Distributed hyperparameter tuning for machine learning models

Container Registry
Azure Cosmos DB
Data Lake Storage
Data Science Virtual Machines
Machine Learning

This article describes distributed hyperparameter tuning for Python machine learning models. Hyperparameters are adjustable parameters that control machine learning model training. Machine learning model performance depends heavily on hyperparameters.

Hyperparameter tuning, also called hyperparameter optimization, is the process of finding hyperparameter configurations that produce the best model training performance. Azure Machine Learning can help automate and distribute hyperparameter tuning.


Diagram that shows the hyperparameter tuning process in the Azure Machine Learning workflow.

Download a Visio file of this architecture.


  1. The Machine Learning ecosystem ingests data from Azure Data Lake Storage.

  2. Python or YAML can configure sets of hyperparameters.

  3. Distributed hyperparameter tuning trains model instances on multiple CPUs and GPUs to identify the best-performing model.

  4. An Azure Container Registry model registry holds the trained models. Registering the models into the model registry makes them easy to organize and track.

  5. The best-performing model registers with Machine Learning and deploys through Machine Learning managed endpoints.

  6. Azure Cosmos DB stores the model so the web or mobile application can consume it.

  7. Azure Monitor monitors and logs activities throughout the process.


  • Azure Data Lake Storage provides a massively scalable and secure data lake for high-performance analytics workloads.

  • Microsoft Data Science Virtual Machine (DSVM) offers Windows Server and Linux virtual machine (VM) images configured with data analytics and machine learning tools. The scenarios in this article use Ubuntu Linux DSVMs.

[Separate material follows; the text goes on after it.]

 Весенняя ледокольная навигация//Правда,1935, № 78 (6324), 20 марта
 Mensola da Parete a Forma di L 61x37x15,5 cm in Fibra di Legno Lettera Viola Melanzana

  • Azure Machine Learning trains, tests, deploys, automates, and manages machine learning and AI models at cloud scale. Machine Learning managed compute allocates compute target nodes on demand, based on an automatic scaling option. Each compute node is a VM that runs a training job for a particular hyperparameter set.

  • Azure Container Registry stores images for Docker container deployments. In this workload, containers on each compute node run Python training scripts they pull from Container Registry.

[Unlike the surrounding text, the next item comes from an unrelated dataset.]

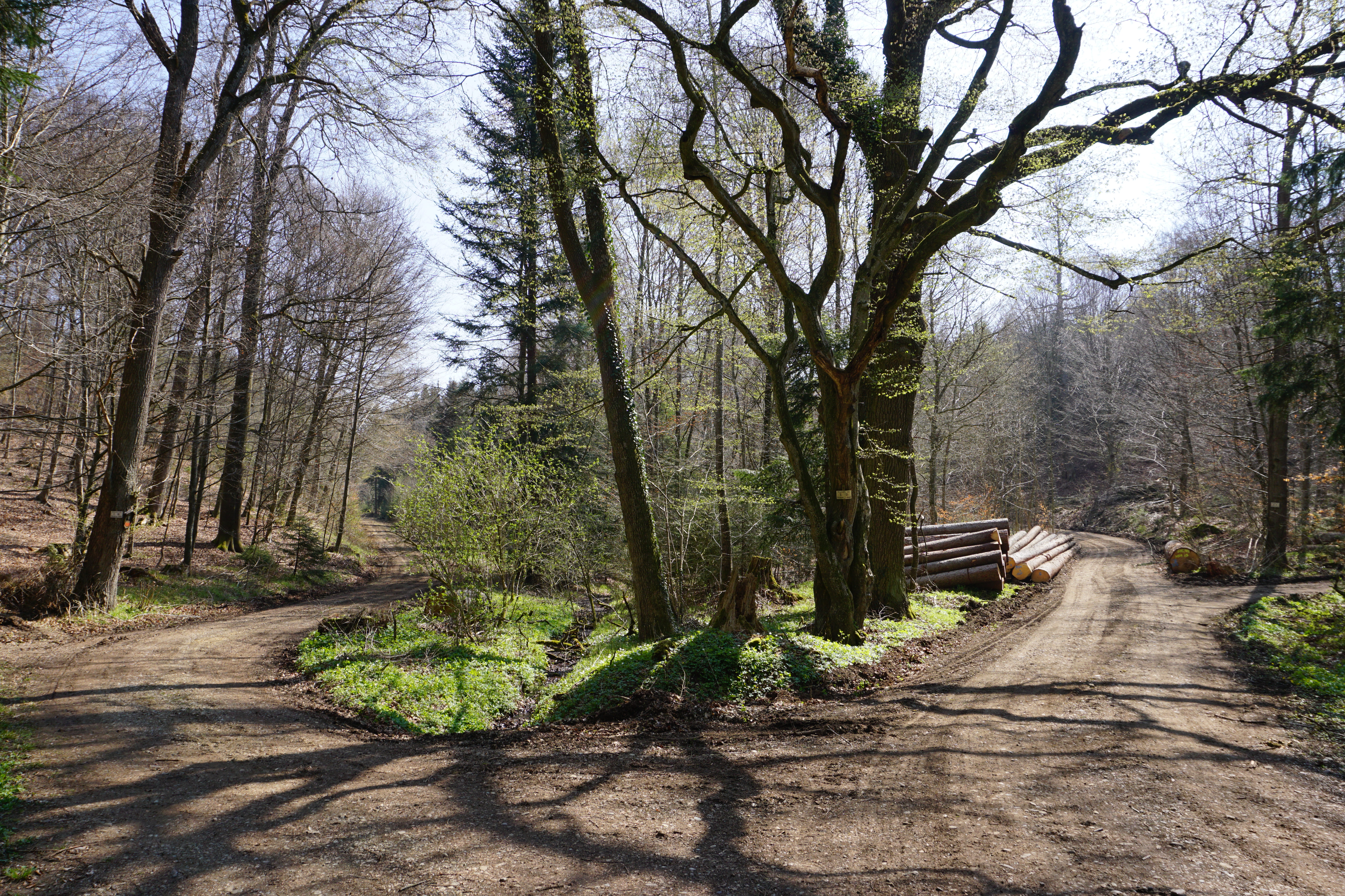 einer Weggabelung. In Sichtweite hängt an einem Baum eine Tafel, die für die

  • Azure Cosmos DB is a fully managed, serverless NoSQL database for high-performance applications of any size or scale.

  • Azure Monitor collects, analyzes, and acts on telemetry data from Azure and on-premises environments. Monitor helps maximize the performance and availability of applications and proactively identify problems.

Scenario details

Adjustable training parameters or hyperparameters control machine learning model training. For example, hyperparameters for deep learning neural networks include the number of hidden layers and the number of nodes in each layer. It's important to determine the sets of hyperparameters that produce the best model training performance.

The hyperparameter tuning or optimization process is typically manual, computationally expensive, and time consuming. Machine Learning can automate hyperparameter tuning and let you run experiments in parallel to efficiently tune hyperparameters.

The following sections describe hyperparameter optimization scenarios for scikit-learn models and deep learning models with graphics processing units (GPUs). To operationalize these scenarios, see MLOps for Python models using Azure Machine Learning.

Stack Overflow FAQ matching scenario

This scenario tunes a scikit-learn pipeline to address frequently asked questions (FAQ) matching. The scenario uses a subset of Stack Overflow question data that includes original questions, their duplicate questions, and their answers. The model predicts the probability that a duplicate question matches one of the original questions. The goal is to build a model that finds similarities between duplicate questions.

This scenario uses grid sampling, a hyperparameter tuning technique that does a simple grid search over values based on specified range and increment. This technique can exhaustively search over the entire search space. The grid sampling technique supports discrete hyperparameters and early termination of low-performing jobs.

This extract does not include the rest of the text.